The discussed problems of the prior art can be solved or at least mitigated with the aid of the implantable electrode according to the invention for use in or on the heart. The electrode is characterized in that the electrode comprises an electrode head having an adhesion-enhancing surface structure, preferably a gecko structure.

The present invention is directed toward overcoming one or more of the above-mentioned problems.

SUMMARY

The present invention thus utilizes an alternative possibility for the connection of different surfaces via the phenomenon of dry adhesivity. Dry adhesivity is understood in the present case to mean the formation of adhesive forces between surfaces without adhesion-enhancing substances, such as, for example, glues. Adhesion systems of this type are also known, for example, from nature, for example in the case of gecko legs or insect legs. It is assumed that in such systems the adhesive forces are based on van-der-Waals forces. The adhesion-generating surface for this purpose has an adhesion-enhancing surface structure, for example, a multiplicity of brush-like or hair-like elements, which lead to a very large increase in the available contact area. With the enlargement of the contact area, the strength of the adhesion forces formed in the event of contact consequently also increases. The use of adhesion-enhancing surface structures of this type for attachment to tissue is proposed, for example, by Alborz Mandavi et al., ‘A Biodegradable and Biocompatible Gecko-Inspired Tissue Adhesive’, PNAS (2008), Vol. 105, No. 7, 2307-2312.
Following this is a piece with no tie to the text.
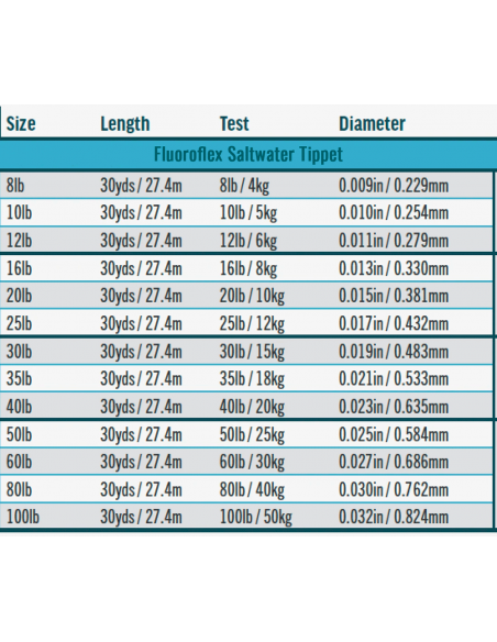 Raideur moyenne, 100% fluorocarbone. Idéal pour les espèces d'eau salée et le lancer de grosses mouches.

In the field of heart electrodes, damage to the tissue, as occurs in the case of conventional methods (e.g., sewing or screwing in) and can lead to a weakening of the therapeutically usable tissue areas, can be avoided with the aid of the adhesion-enhancing surface structure. The avoidance of damage, for example, also makes a minimally invasive epicardiac application safe, because coronary arteries can no longer be accidentally damaged during the fixing. Furthermore, a very quick fixing is possible by lightly pressing on the component at the desired point, such that new implantation methods can be developed. Nowadays, the greatest outlay involved with the implantation lies in the fixing of the components. Part of the implantation diameter must nowadays be allocated to the fixing tools. Particularly in the case of epicardial application, a large opening in the ribcage is necessary in order to sew on or screw in the electrodes. Conventional intracardiac screw electrodes having an actively retractable screw are also technically complex and require a stable and large internal helix so as to be able to transmit the torsion. With the present invention, it is possible to dispense with the complex and high-risk mechanism. Lastly, the adhesion-enhancing surface structure enables the implant to be detached again in a simple and planned manner. In spite of a good fixing, a changeover of the component to be fixed is possible, wherein the fixing can also be easily detached again without detaching unintentionally.
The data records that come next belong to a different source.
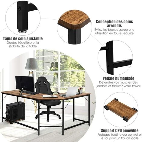 Êtes-vous toujours troublé par le travail ou l’environnement d’apprentissage? Notre conception unique de la forme en L non seulement économise de l’espace au sol, mais étend également considérablement la zone de travail. Support CPU amovible pour un espace libre, un matériau imperméable à la poussière et de haute qualité pour un nettoyage et une maintenance faciles. Venez l’acheter et rendez votre environnement de travail plus facile!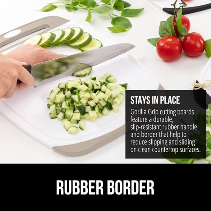 GORILLA GRIP BPA-Free Reversible Kitchen Cutting Board Set of 3, US Designed, Nonporous, Juice Grooves Catch Liquid, Slip Resistant Border, Dishwasher Safe, Durable Large Food Chopping Boards, Almond
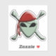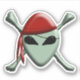 * Illustration of an alien 'Jolly Roger' pirate (embossed-look), with eye patch, skull and crossbones.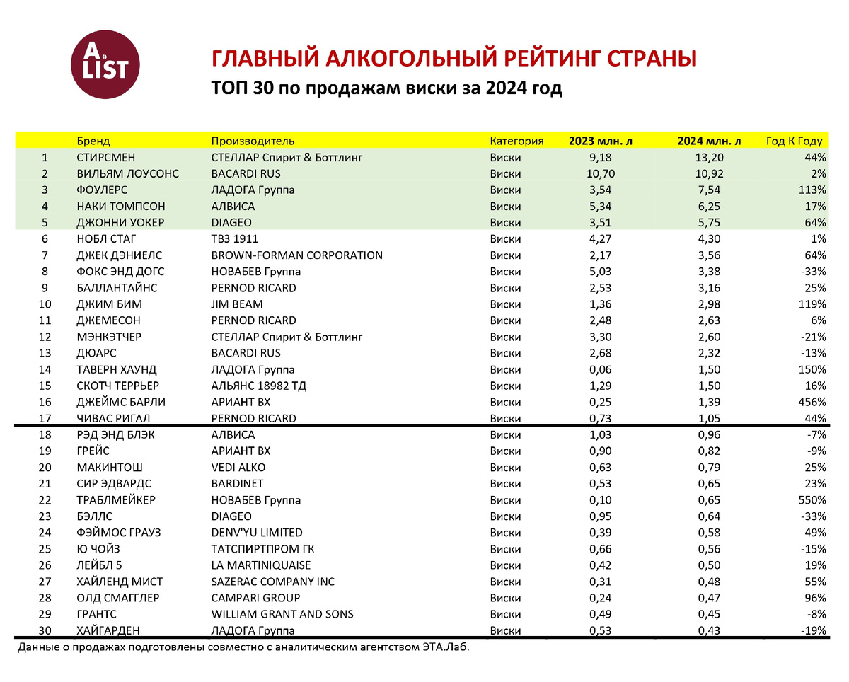 Наш проект «A.LIST» (ранее «Рейтинг. Все о крепких напитках») — это частная инициатива, направленная на популяризацию качественных напитков российского производства и предоставление объективной информации о производителях и их продукции. Мы стартовали в начале 2023 года, чтобы разобраться какие новые напитки заполнили полки наших магазинов взамен ушедших иностранных товаров.

The adhesion-enhancing surface structure may have between 10 and 1,000,000 rods per square millimeter, for example. The ratio of diameter and length of the rods may be between 1:2 and 1:2,000. The cross section of the rod may be cross-profiled, for example, completely or partially round, triangular, rectangular, square or internally hollow. It may have a T-profile or may correspond to a crescent-shaped outline. A preferred bending direction of the rod can thus be predefined. Alternatively, or in combination, the rods can be pre-bent or obliquely attached. A uniform bending direction of the rods may prevent the rods from becoming entangled with one another. The rods may also have a longitudinal profile. They may thus be thickened at the root, where they bear against the component to be fixed, and may taper toward the end.

The adhesion-enhancing surface structure can also consist of rods that branch out. The end of the last branch can be thickened again. The greatest extent of the thickened portion corresponds at most to 100 times the rod diameter on which the thickened portion sits. The end of the last branch may also be planar or rounded or pointed. A lobe-like structure, similarly to a scoop, can be located at the end of the last branch and is attached at one end. The lobe-like structure is preferably attached at one end to the rods in such a way that the angle of the rods is continued. In the event of a transverse force of the component in the detaching direction (for example, in an anticlockwise direction), the lobe-like structure peels away from the tissue, which significantly facilitates the detachment, whereas in the event of transverse force in the other direction only a shear force is caused, which not only does not detach the fixing, but aids the fixing.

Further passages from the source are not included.